To generate the magnetic field we placed an array of rectangular permanent (neodymium) magnets on a metallic plate located 5mm underneath the tank bottom. Dimensions of the magnets and the strength of the magnetic field, measured above the magnets surface, are \(L_x \times L_y \times H_m = 20 \times 10 \times 5\,\mathrm{mm}^3\) and \(B \sim 1232\) G, respectively. They were arranged with alternating polarity along x and y axis in the horizontal plane and spaced of 5 mm along both directions (i.e. the centre-centre distance is \(l_x =15\) mm, \(l_y=25\) mm). With this configuration, when the current \(I^{'}\) is null, the flow pattern is characterized by opposite-signed vortices, clockwise or anti-clockwise according to the phase of the resulting Lorentz force, whose horizontal length scale is related to the magnets’ inter-distance and to their size. When \(I^{'}\) is switched on, the resulting flow pattern is consistent with the time oscillating stream-function defined in (2).

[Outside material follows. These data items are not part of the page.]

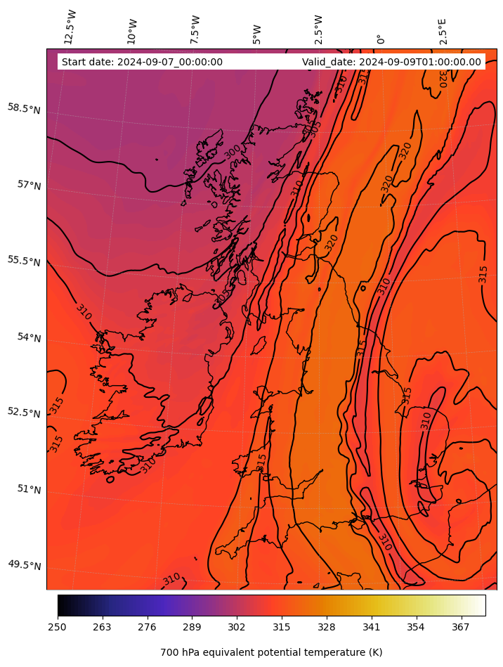 - Equivalent Potential Temperature (K)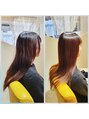 ストレート履歴がないお客様でしたがブリーチ一回、カラーの履歴があり他店のアルカリ剤が髪に残留しているためアルカリ除去や髪の強化をして自然な仕上がりで酸性ストレートをさせて頂きました。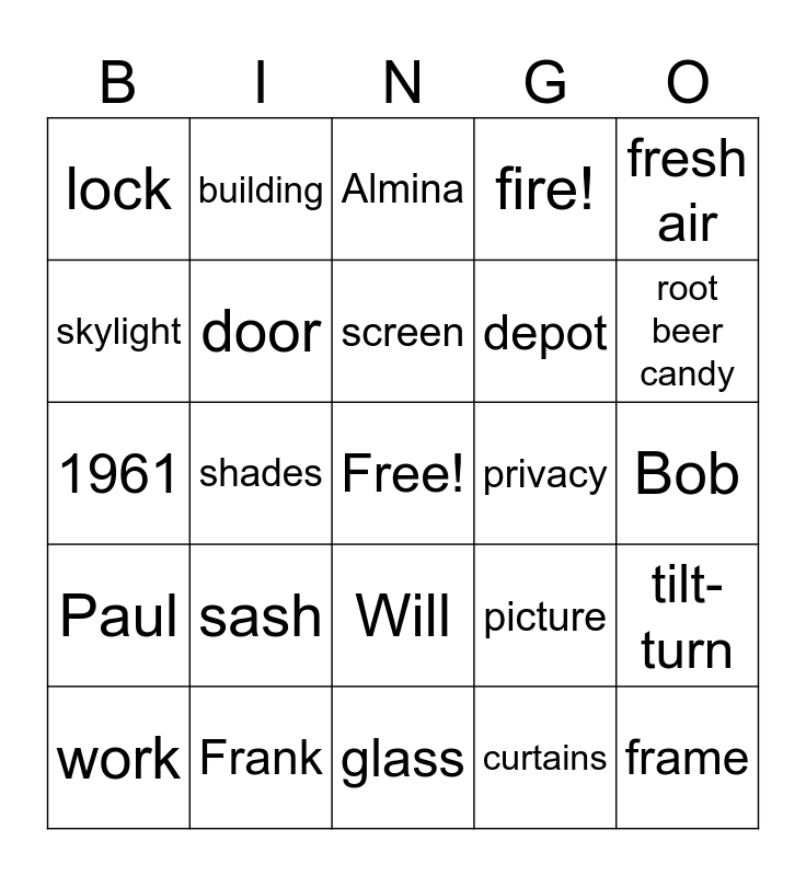 This bingo card has a free space and 52 words: window, frame, wood, glass, sash, latch, building, house, skylight, modern, door, double-hung, tilt-turn, picture, casement, round top, screen, privacy, view, fresh air, shades, curtains, lock, depot, grain elevator, logging, tools, hardware, root beer candy, marbles, nickels, fire!, teacher, George, Bill, Almina, Frank, Jack, Tut, Cal, Susan, Bob, Paul, Dan, Will, Christine, 1904, 1961, truck, history, work and sale.
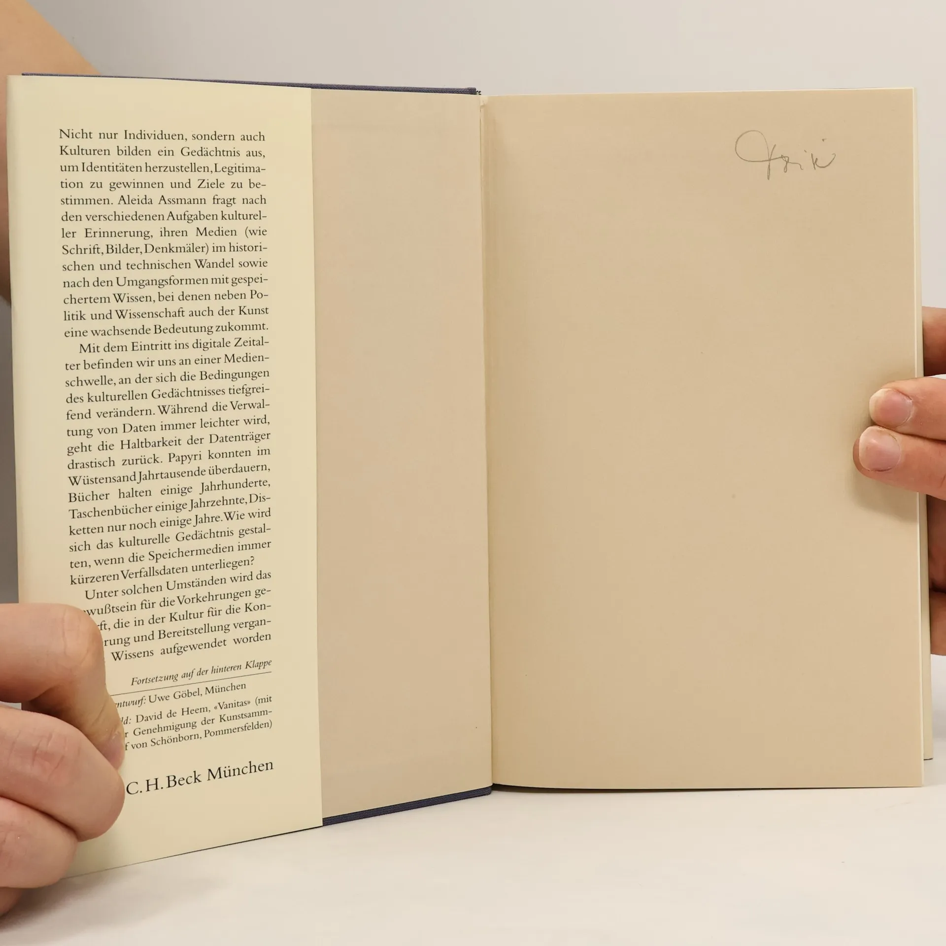 Nicht nur Individuen, sondern auch Kulturen bilden ein Gedächtnis aus, um Identitäten herzustellen, Legitimation zu gewinnen und Ziele zu bestimmen. Aleida Assmann fragt nach den verschiedenen Aufgaben kultureller Erinnerung, ihren Medien (wie Schrift, Bilder oder Denkmäler) sowie nach den Formen des Umgangs mit gespeicherten Wissen, bei denen neben Politik und Wissenschaft auch der Kunst eine wachsende Bedeutung zukommt. „Bei ihrem reichhaltigen Streifzug durch die Kulturgeschichte zeichnet Aleida Assmann die Bedeutung von Erinnerung bei Projekten der Identitätsbildung nach. … Der emotional ergreifendste, aber auch politisch brisanteste Aspekt dieses Rundgangs taucht auf jenen Seiten auf, wo die Nähe von Erinnerung und Situationen des Schocks oder Katastrophen ausgeleuchtet wird.“ Elisabeth Bronfen, Süddeutsche Zeitung

The fluid flow is measured by using a Feature Tracking (FT) image analysis, a technique that allows for a description of the fluid motion in a Lagrangian framework45. To this aim, the fluid surface is seeded with buoyant styrene particles (density \(\sim \) 1 g/cm\(^3\), mean diameter \(d_p =\) 50 \(\upmu \)m; tracers are supposed to be passively advected by the flow) and lit with two lateral lamps to gain a high contrast between the white particles and the black bottom. After the forcing is activated, flow images are acquired by a video camera perpendicular to the tank (dimension of the framed area: \(1000 \times 1000\), acquisition rate \(20{-}25\) fps). Image processing is achieved in three subsequent steps: (i) pre-processing aimed at removing the background and improving image contrast; (ii) particle detection and tracking to obtain the flow description; (iii) post-processing to obtain the relevant flow parameters. The sparse velocity vectors (i.e. along each trajectory) are detected in each frame of the acquired time sequence. Subsequently, they can be interpolated onto a regular grid and the time evolution of the Eulerian flow field and all the derived quantities (i.e. vorticity, kinetic energy, etc.) can be obtained as well, Fig. 5. Unlike numerical models, here the turbulent components of the flow cannot be filtered out from the mean field. An estimate of the Reynolds number can be obtained by multiplying typical size, \(\sim \) O(1) cm, and rotation velocity, \(\sim \) O(1) cm/s, of the eddies, divided by the kinematic viscosity of the fluid, \(\sim \) 10\(^{-6}\) m\(^2\)/s: Re \(\sim \) O(10\(^2\)), far below the critical threshold for the onset of fully developed turbulence.

Figure 5
figure 5

Time averaged velocity field overlapped to kinetic energy (top) and vorticity (bottom) maps for the set up: \(I = 2\) A, \(I^{'} = 1\) A, \(f = 0.08\) Hz. Velocity data are interpolated on a \(128\times 128\) grid.